Tuesday, March 2, 2010

Two extremes on the patient spectrum. The ones who want control over their medical care, and the ones who don't. We talk a lot about making sure patients give informed consent, that we don't just bully them into signing off on risky procedures or letting us do anything they don't understand. But we don't talk about the flip side-- and it's just as important-- patients who assume we're going to do what we need to do, and that if we're asking them whether they want something, it must mean they actually have a choice, and it's okay for them to say no. I feel like we're trained to soften things-- "we need to go in and do so-and-so procedure, it will really help you, here are the risks...." But you soften it too much, and a scared patient can be like, "that sounds risky, I don't want that." And then what? Do they realize they're refusing treatment they need to save their life, or do they think they're just making the safer choice between doing something scary and not doing anything at all?

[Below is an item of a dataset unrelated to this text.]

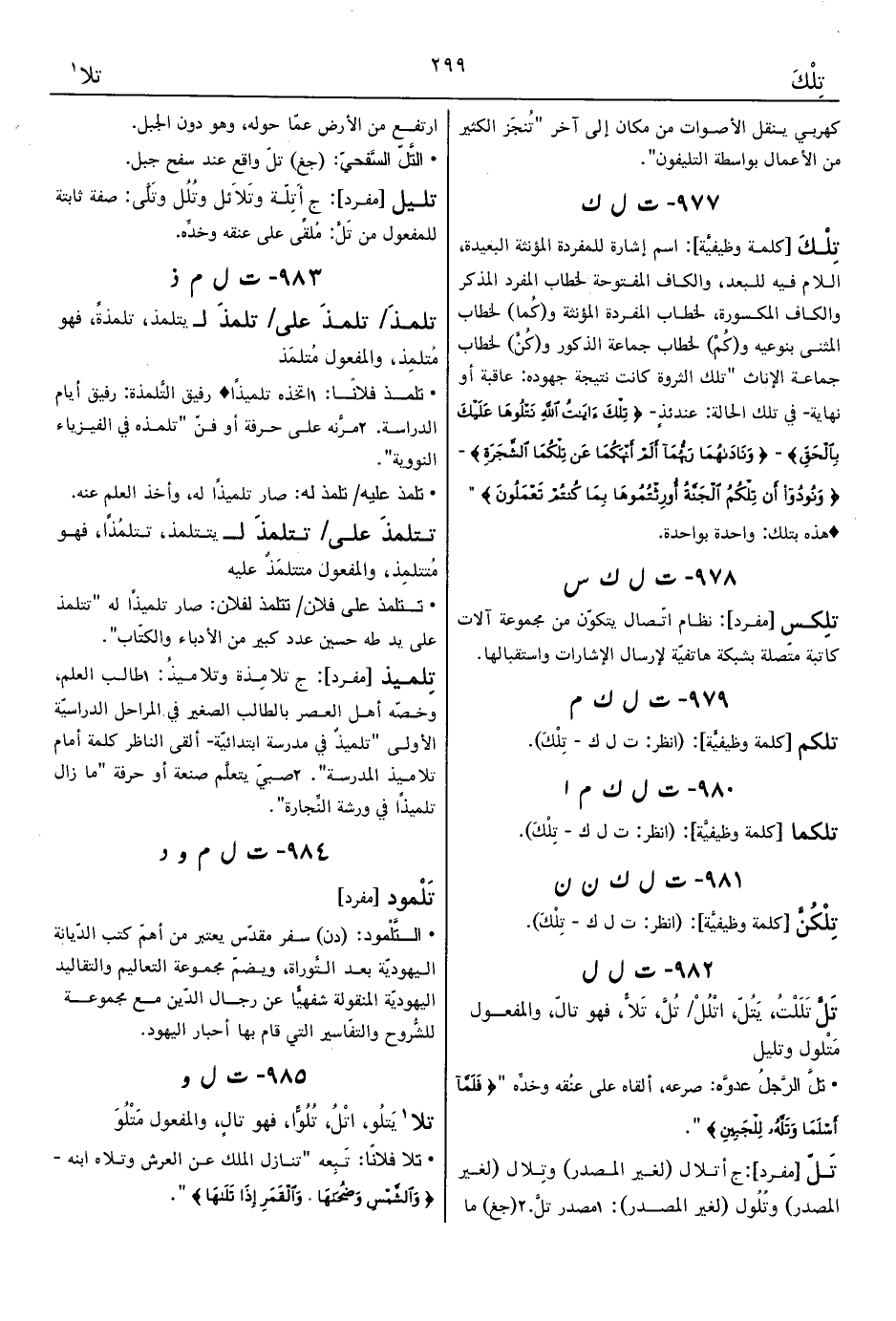 • التَّلْمود: (دن) سفر مقدّس يعتبر من أهمّ كتب الدّيانة اليهوديّة بعد التَّوراة، ويضمّ مجموعة التعاليم والتقاليد اليهوديّة المنقولة شفهيًّا عن رجال الدّين مع مجموعة للشُّروح والتفّاسير التي قام بها أحبار اليهود.

I covered someone's shift on the floors today and had to deal with a patient who needs a cardiac procedure, the cardiology fellow went in, explained it, and the patient-- scared and not very knowledgeable-- said no. And so the fellow left the room, didn't move forward with it for now-- but did the patient really know what she was doing? I went back in, asked the patient if there's anyone she can call, she called her husband, and he basically yelled at her through the phone and said she has to have this thing, and she had me get the fellow back, and she gave her consent. Some would say she was bullied into it-- although if her family bullies her into it, at least we're not the ones who get sued-- but in this case, hey, she needs it, her husband got through to her in a way the doctors couldn't. Is that a bad thing? Unless this woman wants to die-- and she didn't, she was just scared-- she needed the procedure. And didn't understand the choice she was making, because we soft-pedaled how urgent this was, all to pretend she has a choice and needed to give consent. But consent means nothing to a confused and scared patient who thinks we're saying there's an option not to have an invasive procedure.

Yet if I were to argue we need a broader view of consent-- asking something like, "do you want us to do everything we need to do, in our best medical judgment, to save your life?" and not asking about every pill and every treatment option-- I'd be shot down instantly-- that's not really consent, patients have a choice.... We're doctors, they assume we know things, they assume if we need to do something to help them, we're going to do it, whether they "consent" or not. At least some patients. Problem is knowing which ones.